(TASK ITEM) Below are lines of data, and only some are wanted. Please repeat exactly those from the line that has "Листва дуба и березовой рощи в осеннем лесу" through the line that has "Глава Кировского округа".

(DATA FOR THE TASK)
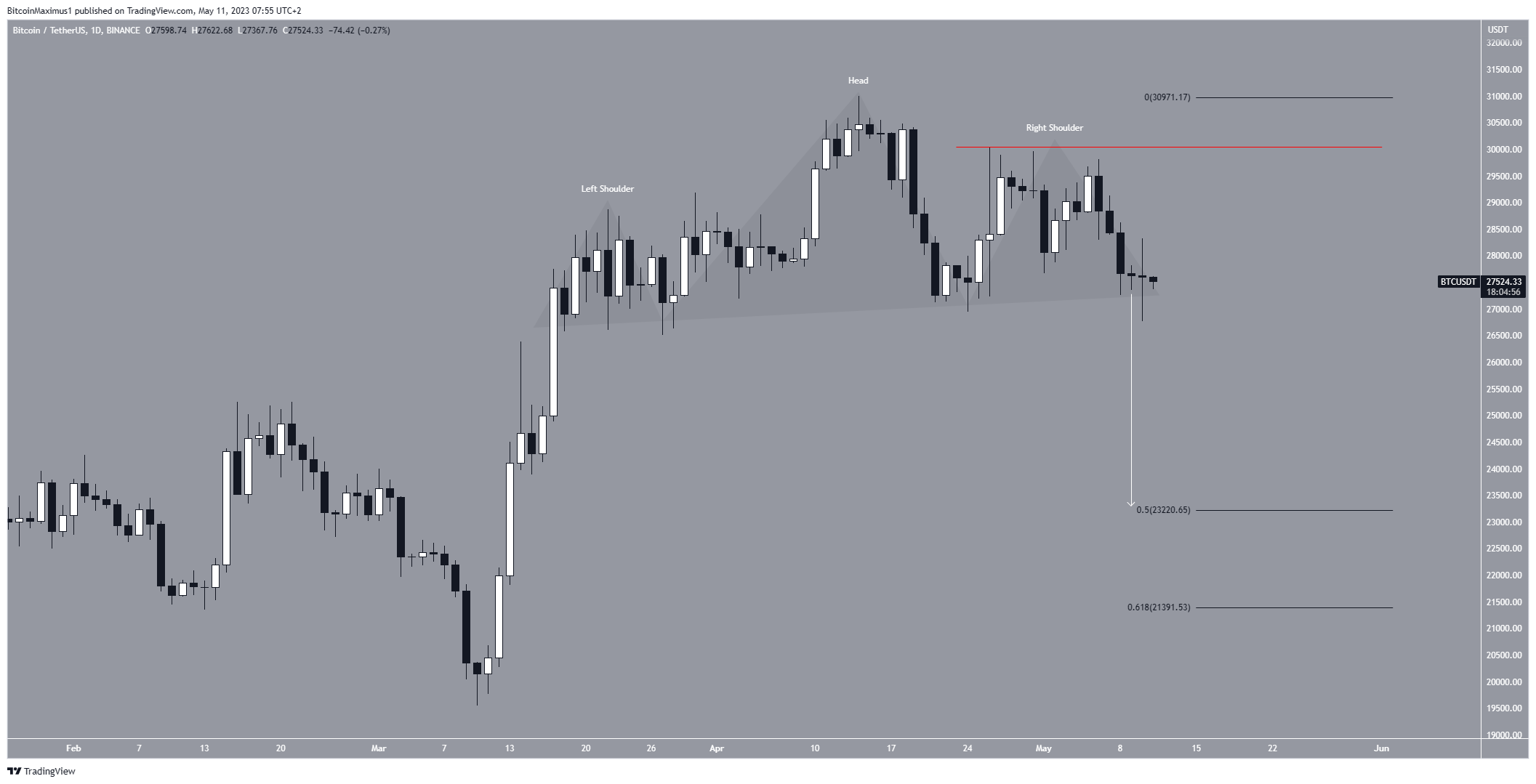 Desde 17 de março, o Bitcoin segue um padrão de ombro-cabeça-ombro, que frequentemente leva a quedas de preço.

...

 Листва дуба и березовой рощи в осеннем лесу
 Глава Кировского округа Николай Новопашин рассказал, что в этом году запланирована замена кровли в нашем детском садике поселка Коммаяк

* * *

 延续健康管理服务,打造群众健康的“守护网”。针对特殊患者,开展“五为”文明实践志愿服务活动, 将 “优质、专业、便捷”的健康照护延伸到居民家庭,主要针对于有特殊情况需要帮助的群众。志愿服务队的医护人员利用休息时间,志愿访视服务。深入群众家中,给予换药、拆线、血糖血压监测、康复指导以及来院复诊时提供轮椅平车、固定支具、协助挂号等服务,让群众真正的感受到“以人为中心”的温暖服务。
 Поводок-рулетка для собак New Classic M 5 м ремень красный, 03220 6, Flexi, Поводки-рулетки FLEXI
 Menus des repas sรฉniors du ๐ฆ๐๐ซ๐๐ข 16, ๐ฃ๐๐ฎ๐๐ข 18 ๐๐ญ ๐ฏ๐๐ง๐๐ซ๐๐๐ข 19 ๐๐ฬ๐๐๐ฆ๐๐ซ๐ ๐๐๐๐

(EXPECTED OUTPUT)
 Листва дуба и березовой рощи в осеннем лесу
 Глава Кировского округа Николай Новопашин рассказал, что в этом году запланирована замена кровли в нашем детском садике поселка Коммаяк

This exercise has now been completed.